▶ **TASK ITEM**: The records below must be transcribed exactly. Do not include the pictures.

Saved entries
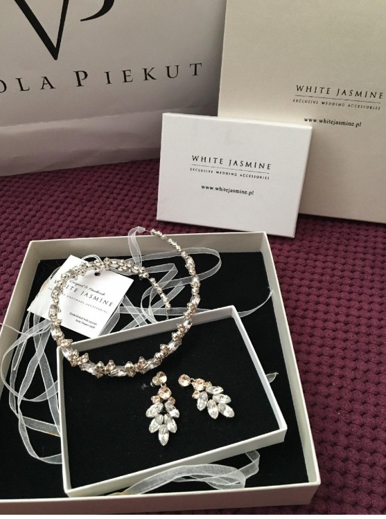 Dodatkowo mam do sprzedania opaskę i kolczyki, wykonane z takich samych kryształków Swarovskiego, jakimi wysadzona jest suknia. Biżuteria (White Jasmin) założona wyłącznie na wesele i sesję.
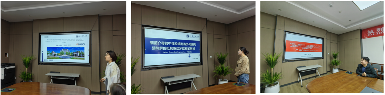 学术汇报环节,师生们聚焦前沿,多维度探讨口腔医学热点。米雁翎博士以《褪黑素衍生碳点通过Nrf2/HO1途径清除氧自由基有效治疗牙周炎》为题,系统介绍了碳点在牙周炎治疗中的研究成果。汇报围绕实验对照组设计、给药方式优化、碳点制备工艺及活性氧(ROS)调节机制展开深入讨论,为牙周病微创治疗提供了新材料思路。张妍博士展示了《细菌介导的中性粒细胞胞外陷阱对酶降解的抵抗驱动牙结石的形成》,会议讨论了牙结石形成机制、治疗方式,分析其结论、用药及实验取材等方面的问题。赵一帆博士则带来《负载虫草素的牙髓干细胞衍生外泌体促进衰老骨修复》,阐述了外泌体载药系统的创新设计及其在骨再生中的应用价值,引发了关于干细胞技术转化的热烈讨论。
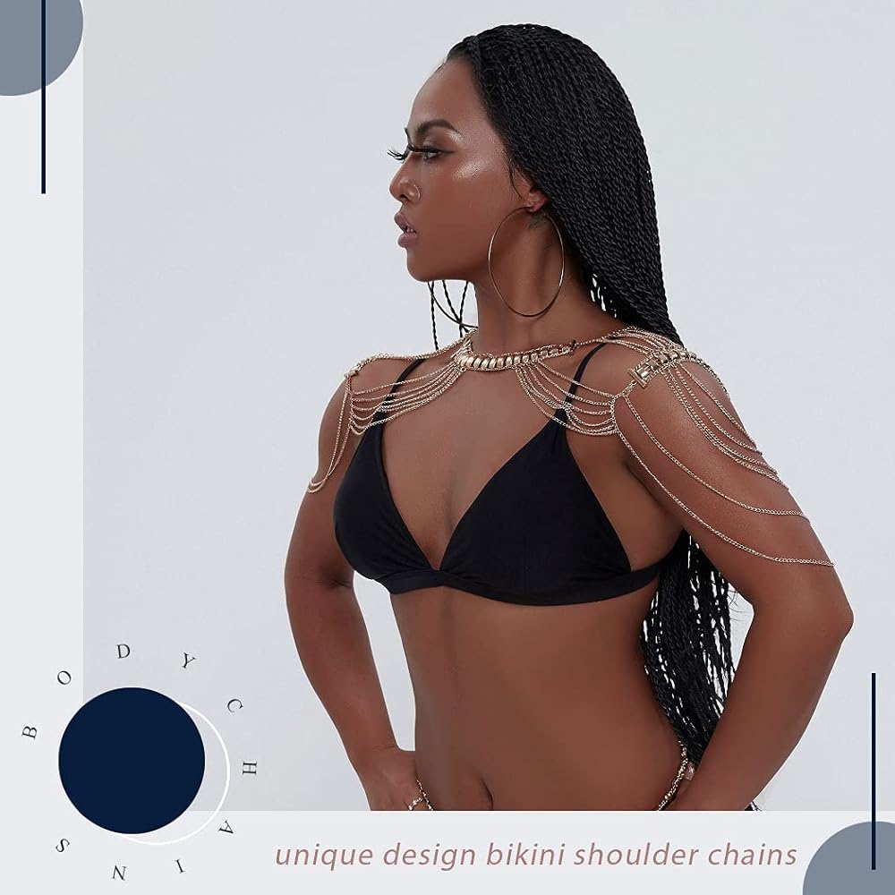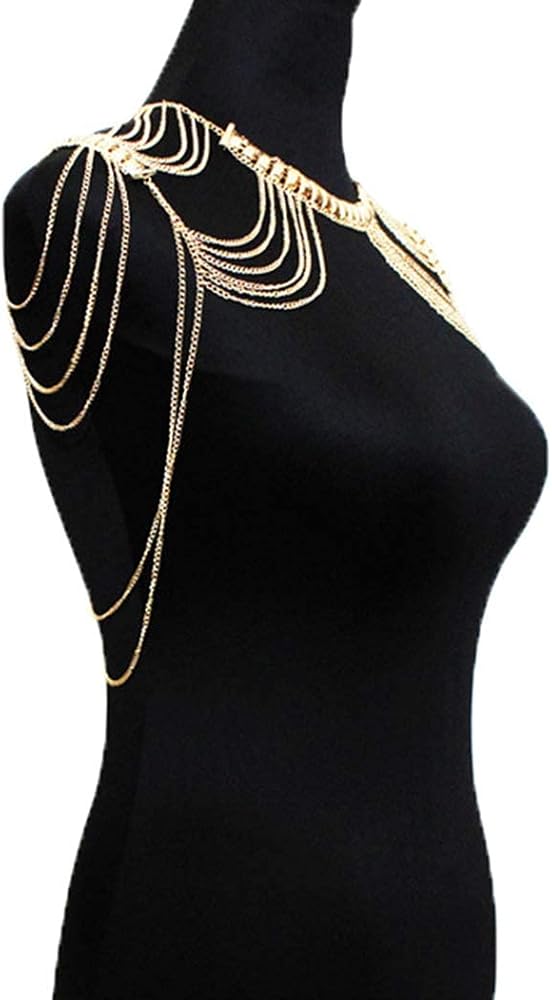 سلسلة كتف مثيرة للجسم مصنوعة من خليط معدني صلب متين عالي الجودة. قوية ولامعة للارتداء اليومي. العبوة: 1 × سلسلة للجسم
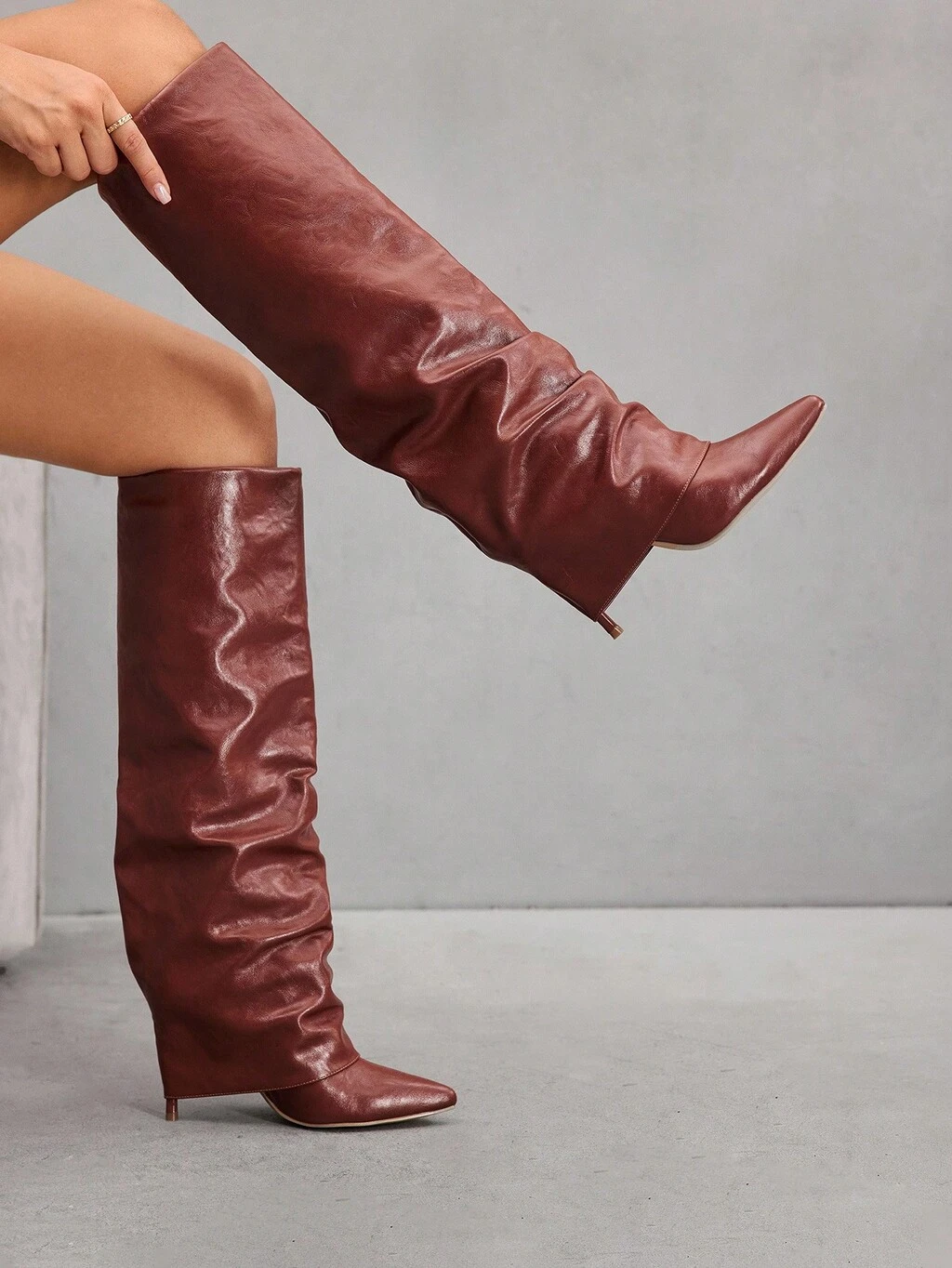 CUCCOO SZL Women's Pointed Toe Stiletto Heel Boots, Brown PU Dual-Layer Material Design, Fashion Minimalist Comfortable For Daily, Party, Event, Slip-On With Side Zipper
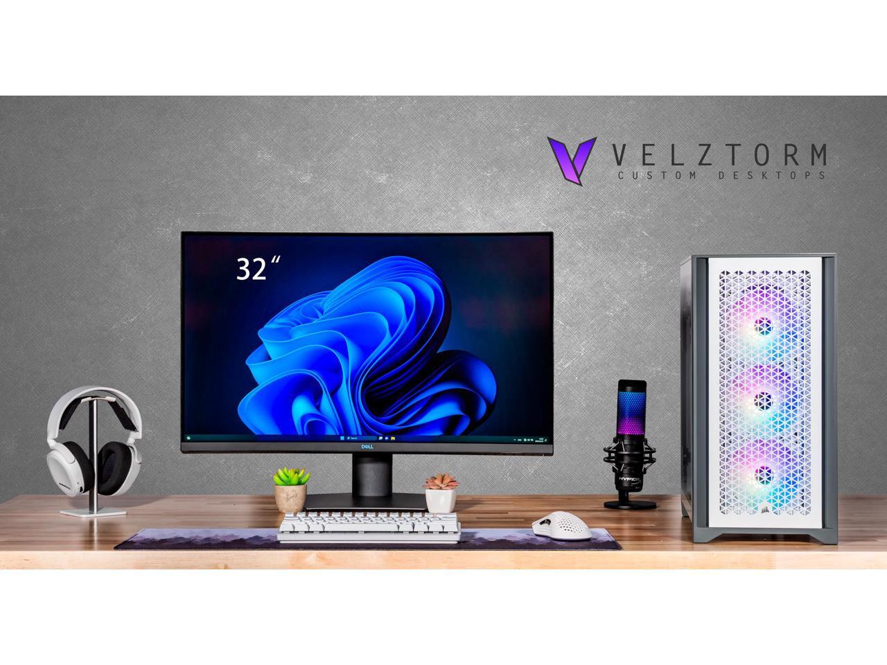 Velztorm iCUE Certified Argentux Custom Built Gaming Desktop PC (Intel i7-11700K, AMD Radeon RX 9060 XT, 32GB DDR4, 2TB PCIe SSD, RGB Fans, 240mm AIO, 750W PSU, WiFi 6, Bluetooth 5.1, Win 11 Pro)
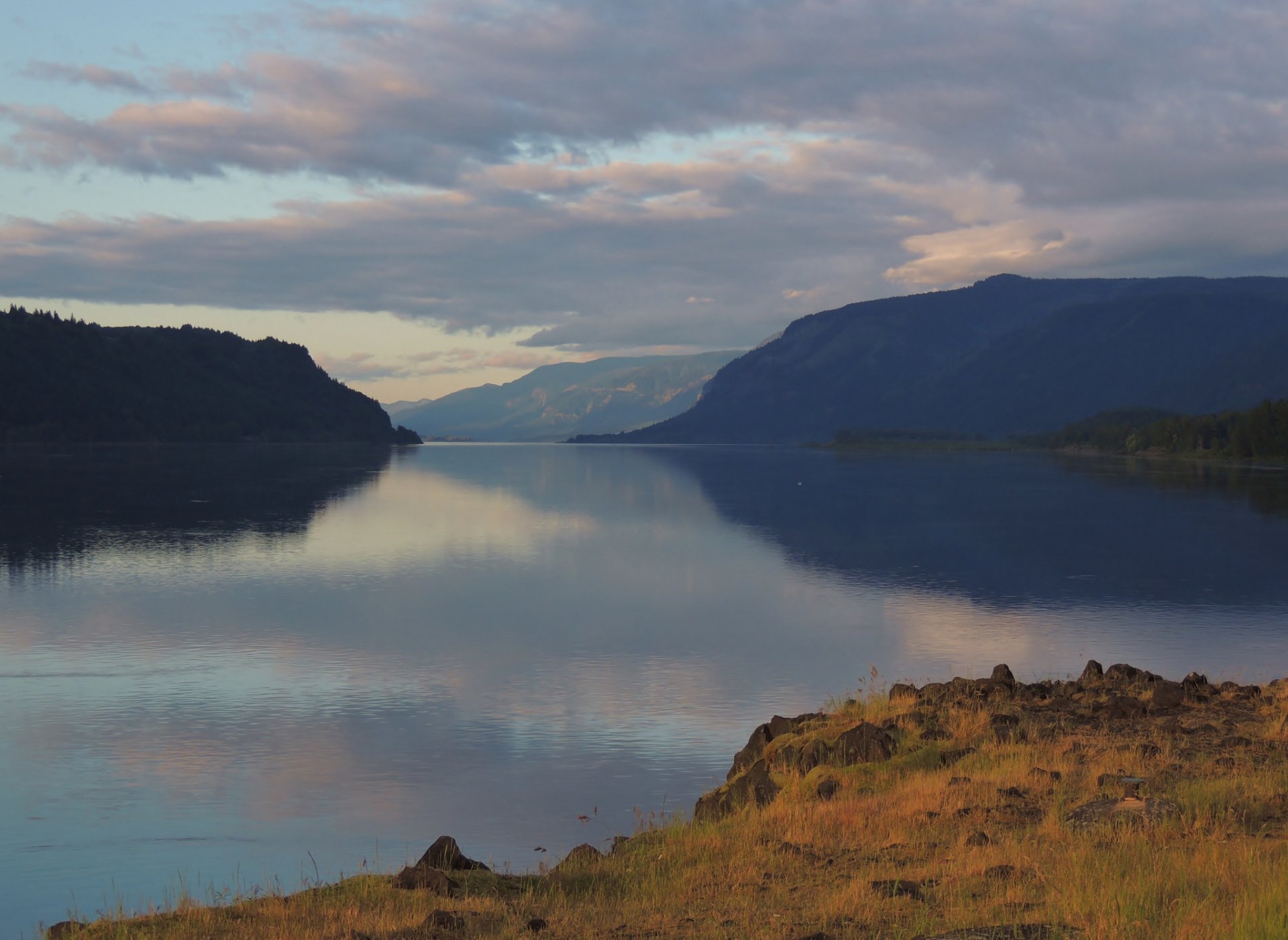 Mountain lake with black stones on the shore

▶ **RESPONSE AREA**:
 Dodatkowo mam do sprzedania opaskę i kolczyki, wykonane z takich samych kryształków Swarovskiego, jakimi wysadzona jest suknia. Biżuteria (White Jasmin) założona wyłącznie na wesele i sesję.
 学术汇报环节,师生们聚焦前沿,多维度探讨口腔医学热点。米雁翎博士以《褪黑素衍生碳点通过Nrf2/HO1途径清除氧自由基有效治疗牙周炎》为题,系统介绍了碳点在牙周炎治疗中的研究成果。汇报围绕实验对照组设计、给药方式优化、碳点制备工艺及活性氧(ROS)调节机制展开深入讨论,为牙周病微创治疗提供了新材料思路。张妍博士展示了《细菌介导的中性粒细胞胞外陷阱对酶降解的抵抗驱动牙结石的形成》,会议讨论了牙结石形成机制、治疗方式,分析其结论、用药及实验取材等方面的问题。赵一帆博士则带来《负载虫草素的牙髓干细胞衍生外泌体促进衰老骨修复》,阐述了外泌体载药系统的创新设计及其在骨再生中的应用价值,引发了关于干细胞技术转化的热烈讨论。
 سلسلة كتف مثيرة للجسم مصنوعة من خليط معدني صلب متين عالي الجودة. قوية ولامعة للارتداء اليومي. العبوة: 1 × سلسلة للجسم
 CUCCOO SZL Women's Pointed Toe Stiletto Heel Boots, Brown PU Dual-Layer Material Design, Fashion Minimalist Comfortable For Daily, Party, Event, Slip-On With Side Zipper
 Velztorm iCUE Certified Argentux Custom Built Gaming Desktop PC (Intel i7-11700K, AMD Radeon RX 9060 XT, 32GB DDR4, 2TB PCIe SSD, RGB Fans, 240mm AIO, 750W PSU, WiFi 6, Bluetooth 5.1, Win 11 Pro)
 Mountain lake with black stones on the shore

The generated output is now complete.